Our study demonstrated that the PD-CI group exhibited lower EDV values than the PD-NC group, while there was no significant difference in PSV parameters between the two groups. The different changes in EDV and PSV reflect increased blood flow velocity variability. The alteration of blood flow velocity variability might be a cause or consequence of cognitive impairments related to vascular pathology or neuropathology. In fact, it remains elusive whether the result is secondary to the decreased metabolic demand in PD individuals with cognitive deficits or whether the altered variation in blood flow velocity leads to the recurrent and chronic cerebral hypoperfusion, which further causes neuronal damage or dysfunction in vulnerable areas like the hippocampus, thereby causing cognitive decline in PD. However, the latter one, also known as the vascular hypothesis, is supported by longitudinal studies showing that increasing volume of white matter hyperintensities was associated with a performance decline in cognitive tests in the healthy elderly.29,30 Of note, previous research has provided other potential mechanisms responsible for the cognitive decline in PD, including energy deficiency in neurons,31,32 free radical mediated injury,33–36 synaptic changes37–40 and microinfarcts.41,42

Meanwhile, some studies reported that the autonomic denervation associated with parkinsonism further led to compromised vascular autoregulatory capacity.43 Therefore, our findings may support the hypothesis that the decreased capacity of cerebrovascular autoregulation could lead to cognitive decline through cerebral hypoperfusion in PD.
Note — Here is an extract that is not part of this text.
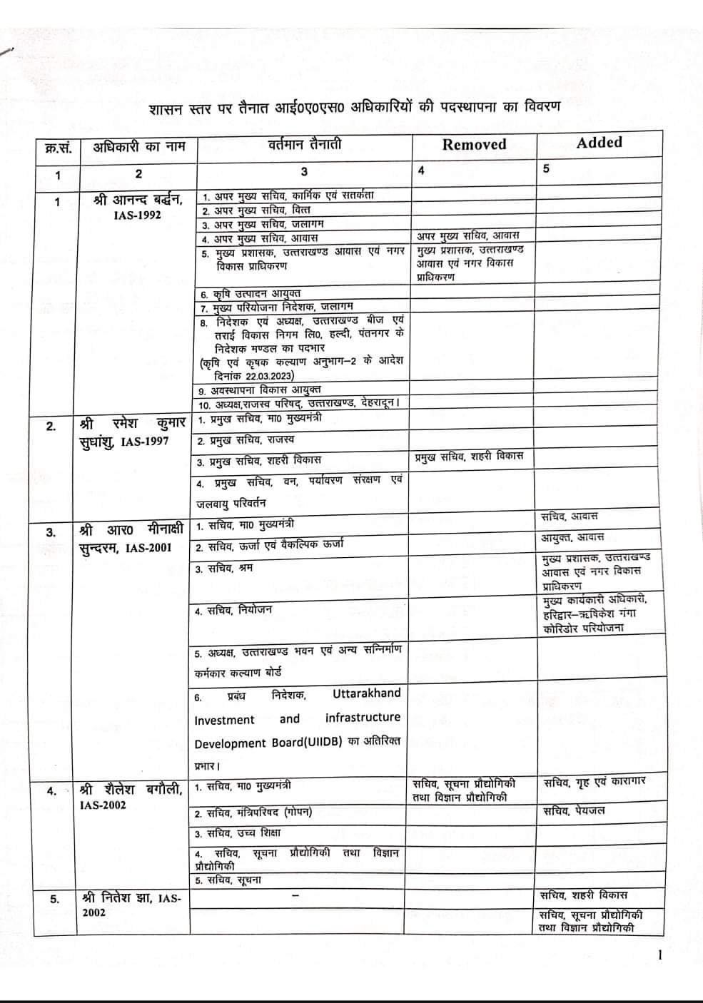 उत्तराखंड शासन में बड़ा फेरबदल हुआ है। सरकार ने 15 आईएएस अफसरों के विभागों में फेरबदल किया है। सचिव रंजीत सिन्हा को लंबे वक्त बाद आपदा प्रबंधन विभाग से हटाया गया है।

Our investigation showed that RI values in the PD-CI group were significantly higher than those in the PD-NC group. RI, a conclusive parameter that incorporates systolic and diastolic blood flow velocities, represents the stiffness of arterial vessel walls and vascular compliance or responsiveness to dilatory stimulation in the microvascular bed.27,44 With the increase in peripheral resistance as implicated by higher RI, the EDV values should show a decline theoretically, which is consistent with our findings. RI can be a proxy marker for hypoperfusion that causes neuronal damage or dysfunction and further contributes to cognitive decline, which has been suggested as a possible mechanism for CI concerning atherosclerosis.45,46

In addition, this study reported that RI was significantly associated with the memory index score of MoCA in PD individuals, concurring with prior studies that found higher RI was associated with steeper decline in intelligence.44 Most research has reported that PD individuals commonly exhibited fronto-striatal deficits with executive dysfunctions being the most prominent manifestation,47 while 40% of PD individuals presented cognitive impairments in memory, language and visuospatial abilities.48 In this study, we failed to find an association between cerebral hemodynamic parameters and executive dysfunction in PD individuals. One possible explanation for this might be the limited sample size available. Moreover, executive functions and visuospatial abilities were assessed together with MoCA scale, which may impact statistical results. Furthermore, the mechanisms that probably underlie the deficits in memory and executive functions in PD may differ.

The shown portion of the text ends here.